• [Dataset section]
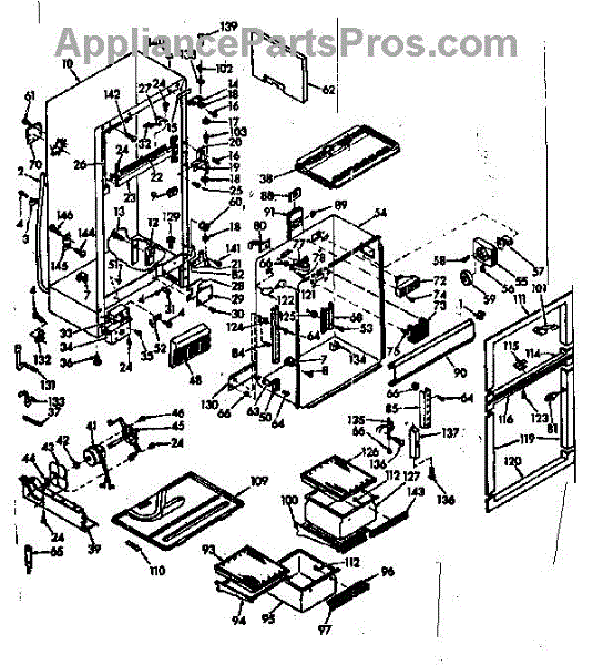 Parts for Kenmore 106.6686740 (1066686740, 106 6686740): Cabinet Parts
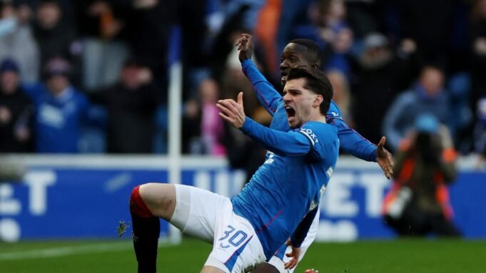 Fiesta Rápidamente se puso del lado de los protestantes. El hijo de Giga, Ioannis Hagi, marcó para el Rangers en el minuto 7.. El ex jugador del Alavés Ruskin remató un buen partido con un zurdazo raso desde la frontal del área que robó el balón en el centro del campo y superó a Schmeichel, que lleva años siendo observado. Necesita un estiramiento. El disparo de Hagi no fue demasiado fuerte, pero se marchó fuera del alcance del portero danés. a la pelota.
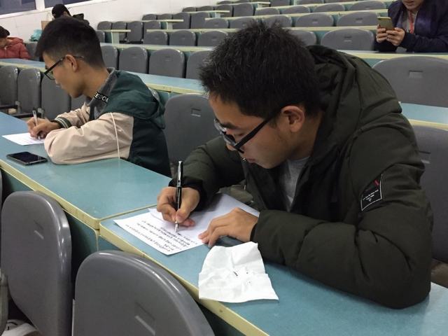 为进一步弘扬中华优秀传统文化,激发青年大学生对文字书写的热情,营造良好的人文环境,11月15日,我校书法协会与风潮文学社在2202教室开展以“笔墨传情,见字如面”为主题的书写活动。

• [What needs to be done]
Every line above should be returned exactly; the pictures stay out.

• [Your solution]
 Parts for Kenmore 106.6686740 (1066686740, 106 6686740): Cabinet Parts
 Fiesta Rápidamente se puso del lado de los protestantes. El hijo de Giga, Ioannis Hagi, marcó para el Rangers en el minuto 7.. El ex jugador del Alavés Ruskin remató un buen partido con un zurdazo raso desde la frontal del área que robó el balón en el centro del campo y superó a Schmeichel, que lleva años siendo observado. Necesita un estiramiento. El disparo de Hagi no fue demasiado fuerte, pero se marchó fuera del alcance del portero danés. a la pelota.
 为进一步弘扬中华优秀传统文化,激发青年大学生对文字书写的热情,营造良好的人文环境,11月15日,我校书法协会与风潮文学社在2202教室开展以“笔墨传情,见字如面”为主题的书写活动。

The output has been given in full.